When operating at a power of up to 400 W inclusive, the noise of the power supply remains at a low level for use in residential areas during the day. It's not completely silent, however, and this model doesn't have an automatic fan shutoff feature at low loads, making it less than ideal for those looking for complete silence.
When operating at a power of 500 W, the noise of this model corresponds to the average level for power supplies located in the near field. If the power supply is placed under a desk in a bottom-mounted chassis, the noise may be considered below average.
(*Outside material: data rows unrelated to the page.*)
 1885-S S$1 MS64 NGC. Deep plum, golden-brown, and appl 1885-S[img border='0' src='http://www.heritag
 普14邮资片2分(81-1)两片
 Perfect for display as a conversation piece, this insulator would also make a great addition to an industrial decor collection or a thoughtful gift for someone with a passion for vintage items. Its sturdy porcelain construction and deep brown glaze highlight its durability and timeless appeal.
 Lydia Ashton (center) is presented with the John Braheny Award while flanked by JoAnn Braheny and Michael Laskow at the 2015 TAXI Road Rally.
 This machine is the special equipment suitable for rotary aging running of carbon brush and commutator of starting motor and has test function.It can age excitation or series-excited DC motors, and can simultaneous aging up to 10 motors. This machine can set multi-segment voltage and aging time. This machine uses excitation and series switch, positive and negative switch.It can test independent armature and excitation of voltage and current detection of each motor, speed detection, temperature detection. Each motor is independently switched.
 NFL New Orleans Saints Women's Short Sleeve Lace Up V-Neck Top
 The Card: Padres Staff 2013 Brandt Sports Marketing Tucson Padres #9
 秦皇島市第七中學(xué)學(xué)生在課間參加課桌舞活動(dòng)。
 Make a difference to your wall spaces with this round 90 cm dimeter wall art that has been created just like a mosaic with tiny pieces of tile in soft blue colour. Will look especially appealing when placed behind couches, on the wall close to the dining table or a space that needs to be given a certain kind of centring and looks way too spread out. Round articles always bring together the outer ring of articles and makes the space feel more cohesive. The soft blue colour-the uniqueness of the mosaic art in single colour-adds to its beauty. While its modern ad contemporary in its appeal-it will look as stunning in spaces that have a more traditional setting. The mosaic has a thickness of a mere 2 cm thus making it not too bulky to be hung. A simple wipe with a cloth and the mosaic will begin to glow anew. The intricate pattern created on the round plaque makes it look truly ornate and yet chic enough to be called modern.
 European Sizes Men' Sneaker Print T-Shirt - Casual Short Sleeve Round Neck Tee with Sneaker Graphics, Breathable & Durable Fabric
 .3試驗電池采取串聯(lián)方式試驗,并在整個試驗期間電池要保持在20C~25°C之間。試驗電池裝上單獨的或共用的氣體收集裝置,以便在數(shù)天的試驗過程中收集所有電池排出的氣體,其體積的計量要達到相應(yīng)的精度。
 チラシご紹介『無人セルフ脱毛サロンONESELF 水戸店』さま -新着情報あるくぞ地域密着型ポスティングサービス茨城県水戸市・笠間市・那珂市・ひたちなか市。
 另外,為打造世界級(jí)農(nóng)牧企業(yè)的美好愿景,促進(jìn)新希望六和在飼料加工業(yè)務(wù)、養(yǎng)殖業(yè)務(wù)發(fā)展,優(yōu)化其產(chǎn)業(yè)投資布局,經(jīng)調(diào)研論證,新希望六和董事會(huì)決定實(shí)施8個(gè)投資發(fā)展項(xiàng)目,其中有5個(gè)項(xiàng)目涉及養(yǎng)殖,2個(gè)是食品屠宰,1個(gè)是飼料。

In residential areas this noise level is not very noticeable during the day, especially at a distance of a meter or more, and in offices it is often drowned out by background noise. However, at night it will be noticeable and can disturb your sleep, so this level of noise may be a challenge for the bedroom.
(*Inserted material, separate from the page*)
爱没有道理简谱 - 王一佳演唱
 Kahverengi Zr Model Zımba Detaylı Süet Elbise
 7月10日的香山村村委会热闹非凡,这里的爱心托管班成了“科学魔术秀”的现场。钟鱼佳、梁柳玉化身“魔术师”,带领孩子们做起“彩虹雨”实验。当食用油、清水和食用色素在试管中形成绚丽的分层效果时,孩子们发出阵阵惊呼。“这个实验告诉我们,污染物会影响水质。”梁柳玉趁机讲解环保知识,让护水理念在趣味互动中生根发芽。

When operating at a power of 750 W, the noise level exceeds 40 dBA, which makes it significantly noticeable in residential areas during the daytime.
Thus, from the point of view of acoustic comfort, this model provides an acceptable noise level at a power of up to 500 W.
Consumer qualities
Zalman Gigamax III 750W (ZM750-GV3) has a high load capacity of the +12VDC channel, which makes it suitable for powerful systems with two video cards or one maximum powerful one.
From an acoustic point of view, this power supply provides comfortable operation with an output power of up to 500 watts, while remaining quiet up to 400 watts. However, at maximum power it produces a high level of noise.
The wires of the unit are long enough for most modern cases; ribbon wires are mainly used, partially removable.
Results
The Zalman Gigamax III 750W power supply (ZM750-GV3) passed all our tests and demonstrated average efficiency without losing its functionality, which deserves a positive rating. In general, this product is a high-quality mid-level solution, although it does not claim to be a leader in its class.